## ASSIGNMENT
Each line in the material below, starting at the one with "The Roman Republic." and ending at the one with "Immer sagen alle", is to be reproduced exactly; no picture is to be copied.

## EXCERPTED RECORDS
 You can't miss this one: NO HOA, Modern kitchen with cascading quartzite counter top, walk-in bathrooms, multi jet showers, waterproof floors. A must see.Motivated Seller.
==
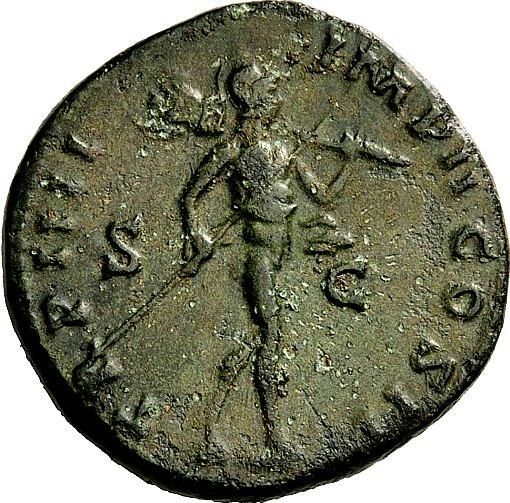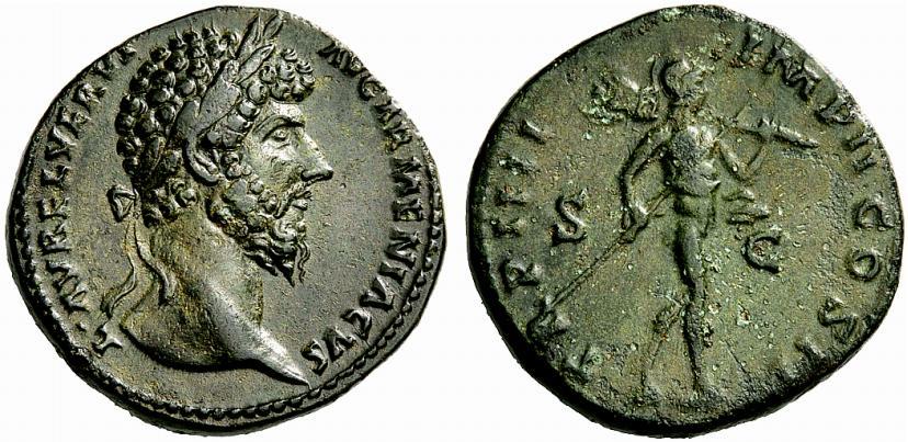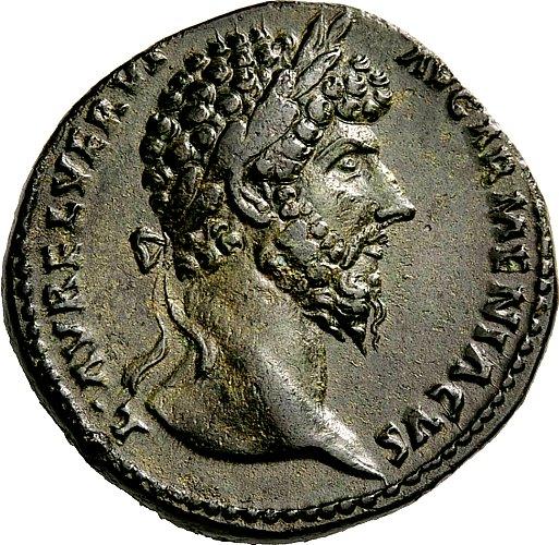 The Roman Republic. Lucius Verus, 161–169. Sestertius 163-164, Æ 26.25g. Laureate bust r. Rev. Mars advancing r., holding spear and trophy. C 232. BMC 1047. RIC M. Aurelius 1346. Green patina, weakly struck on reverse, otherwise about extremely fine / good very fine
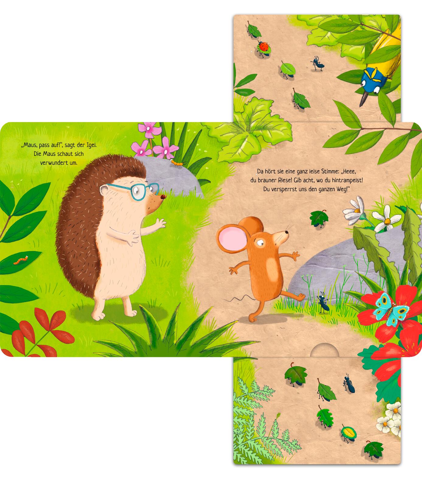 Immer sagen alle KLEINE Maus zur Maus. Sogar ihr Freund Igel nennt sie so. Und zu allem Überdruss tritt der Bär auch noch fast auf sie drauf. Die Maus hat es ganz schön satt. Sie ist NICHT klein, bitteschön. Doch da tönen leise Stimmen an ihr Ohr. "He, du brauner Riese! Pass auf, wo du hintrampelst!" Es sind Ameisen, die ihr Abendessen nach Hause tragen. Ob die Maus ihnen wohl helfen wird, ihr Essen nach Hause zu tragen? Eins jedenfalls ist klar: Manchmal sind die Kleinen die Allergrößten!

## WRITTEN ANSWER
 The Roman Republic. Lucius Verus, 161–169. Sestertius 163-164, Æ 26.25g. Laureate bust r. Rev. Mars advancing r., holding spear and trophy. C 232. BMC 1047. RIC M. Aurelius 1346. Green patina, weakly struck on reverse, otherwise about extremely fine / good very fine
 Immer sagen alle KLEINE Maus zur Maus. Sogar ihr Freund Igel nennt sie so. Und zu allem Überdruss tritt der Bär auch noch fast auf sie drauf. Die Maus hat es ganz schön satt. Sie ist NICHT klein, bitteschön. Doch da tönen leise Stimmen an ihr Ohr. "He, du brauner Riese! Pass auf, wo du hintrampelst!" Es sind Ameisen, die ihr Abendessen nach Hause tragen. Ob die Maus ihnen wohl helfen wird, ihr Essen nach Hause zu tragen? Eins jedenfalls ist klar: Manchmal sind die Kleinen die Allergrößten!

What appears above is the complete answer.